For International Women's Day 2022, Christina Warner highlights her experiences as a visually impaired, LGBTQ+, disability inclusion activist and legal practitioner.
I think one of the biggest challenges for successful women at the Bar is the dreaded imposter syndrome. The unfounded sense of paranoia and the little voice which continuously questions your abilities and skills. But I’m sure this can be said for women in most conservative, high-pressure careers which challenge our ability to maintain a healthy work/life balance. Keeping our mental and physical health on track is often easier said than done.
But feeling unsure is nothing unusual and may be a great learning opportunity. Speaking with other women at the Bar, the nagging feeling of self-doubt and the second-guessing is much more common than I’d once thought. Much needs to be done by way of open dialogue as to how we manage and combat our unjustified feelings of inferiority and the anxieties that come with it.
There’s something so unsettling about one woman trying to hinder the progress of another woman. It’s essential that women help each other – where one of us progresses, we all do.
According to the BSB’s latest report on diversity at the Bar, of the 56.9% of barristers who provided information on their disability status, only 6.3% disclosed a disability. This is substantially lower than the percentage of disabled people in the employed working age UK population estimated at 11.3%.
When excluding those that had not provided information, 6.3% of the Bar; 6.6% of non-QC barristers; 5.3% of pupils; and 3.4% of QCs had declared a disability as of December 2020. The figures also suggest that the percentage of those with a declared disability may decrease as level of seniority increases.
These figures are particularly poignant to me as I was diagnosed in 2021 with Stargardts Disease (juvenile macular degeneration) which is a rare genetic condition which causes progressive sight loss and, in some cases, blindness.
After profound feelings of isolation and grief, I was pleased to find other barristers who manage the challenges of their disability alongside a very successful practice. Similarly, needing to divulge the obstacles I face as a result of hearings going back to being in person, I have found that the disabled community has plenty of allies, with disability affecting them by proxy. Sharing the need for my assistant to be present with me during hearings has often prompted colleagues or court staff to share their very personal stories of encountering disability: a parent struggling with an autistic child, an adult child caring for a parent with dementia, stories of struggles with chronic fatigue, PTSD and post-natal depression. These sensitive conversations, prompted by the small plastic card I wear on a lanyard around my neck which lets the people around me know that I’m visually impaired.

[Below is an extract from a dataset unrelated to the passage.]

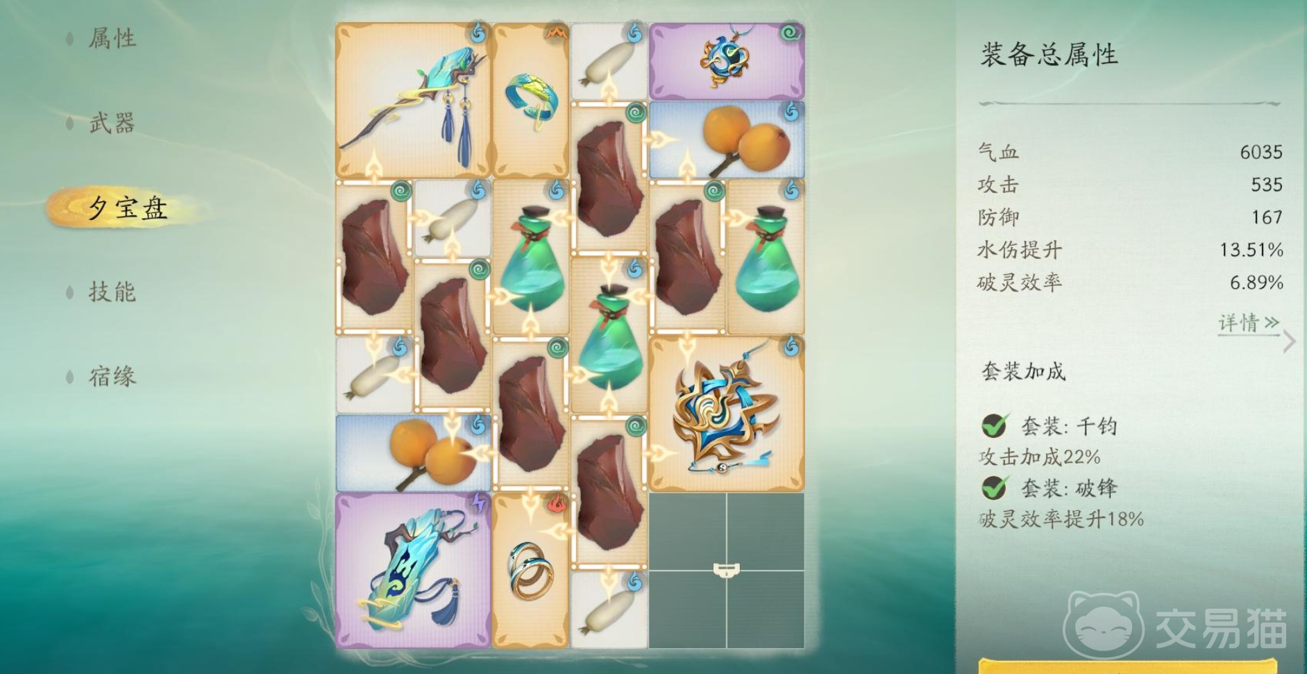 当小伙伴们往夕宝盘上装配上合适的宝物之后,可以达到鉴定灵纹的效果,因此小伙伴们需要为每一个角色安排上合适的装备或者道具,以求达到最强力的属性效果。根据目前的信息小伙伴们可以得知,游戏中的头饰是水属性,手环是火属性,戒指是土属性,项链是风属性,腰坠是水属性,道具的话则是分为4种属性,是随机分配的,因此这个就比较看运气了。
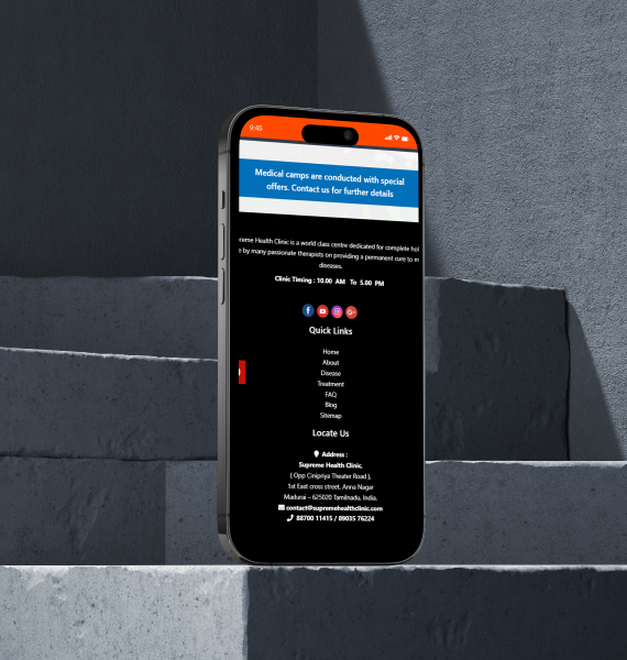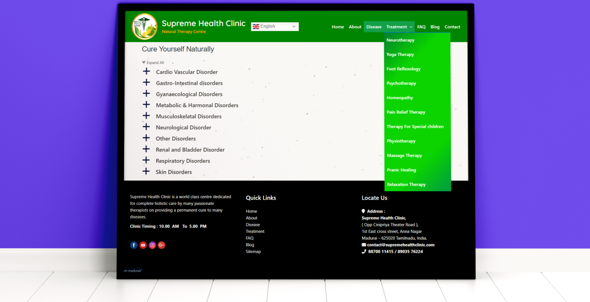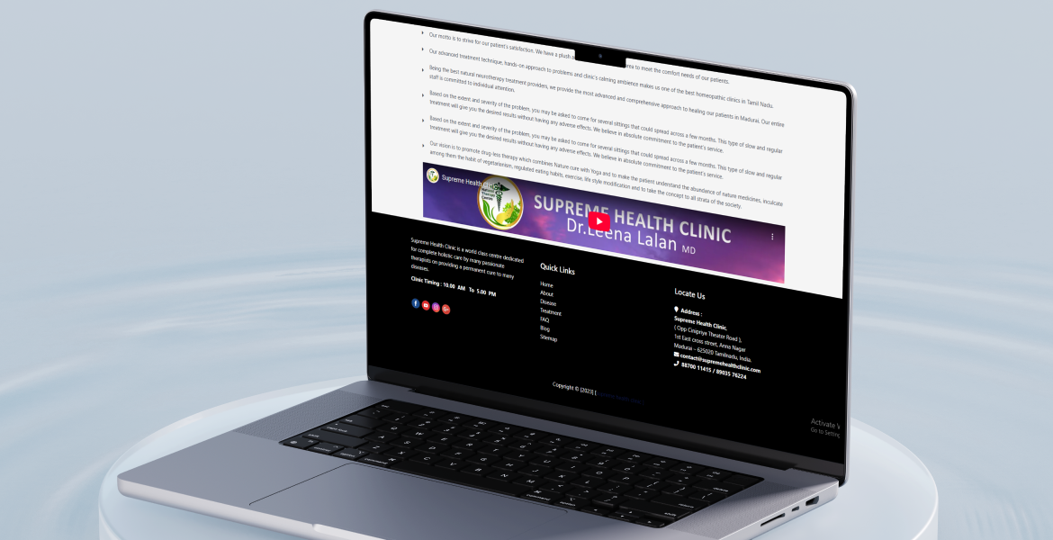 The final website strengthens Supreme Health Clinic’s digital presence by clearly presenting its therapy services and holistic healing approach. The structured layout improves user navigation, while optimized performance ensures smooth access across devices. The platform now effectively supports patient inquiries and enhances online credibility.

I’m honoured to hear people’s stories and appreciate their honesty when speaking of their struggles. Inevitably, I believe that those of us with disabilities challenge the status quo and trigger somewhat of an existential crisis in able-bodied people. I once was, able-bodied, so understand this.
I’m incredibly lucky to form part of numerous associations which champion change and raise the voices of those from marginalised communities. I am a trustee for AllBar and Bridging [Dis]Ability to the Bar which both support barristers with disabilities and act as a forum for discussing topics affecting the community. I am also a committee member for LAGLA LGBTQ+ Lawyers’ Association and voluntarily work alongside GALOP, one of the UK’s only remaining LGBT domestic abuse and hate crime charities, offering them advice, training and support.
I’ve also worked alongside various animal welfare associations and charities discussing issues of animal protection in the context of family law and domestic abuse. Animal protection is an area of law which has seen a phenomenal growth in recent years and it’s refreshing to see that issues of animal protection are being taken much more seriously with legislative developments and campaigns raising awareness becoming more mainstream.
I was appointed social mobility advocate by the Bar Council in 2021 and proudly represent the disabled community when sharing opinions and concerns about access to justice.
Most recently, I was appointed to the Bar Council’s Disability Panel which is a great resource for those who have a disability thinking of a career at the Bar as well as raising concerns by practitioners with disabilities or who wish to know more about what affects the community.
Christina Warner is a barrister at Goldsmith Chambers.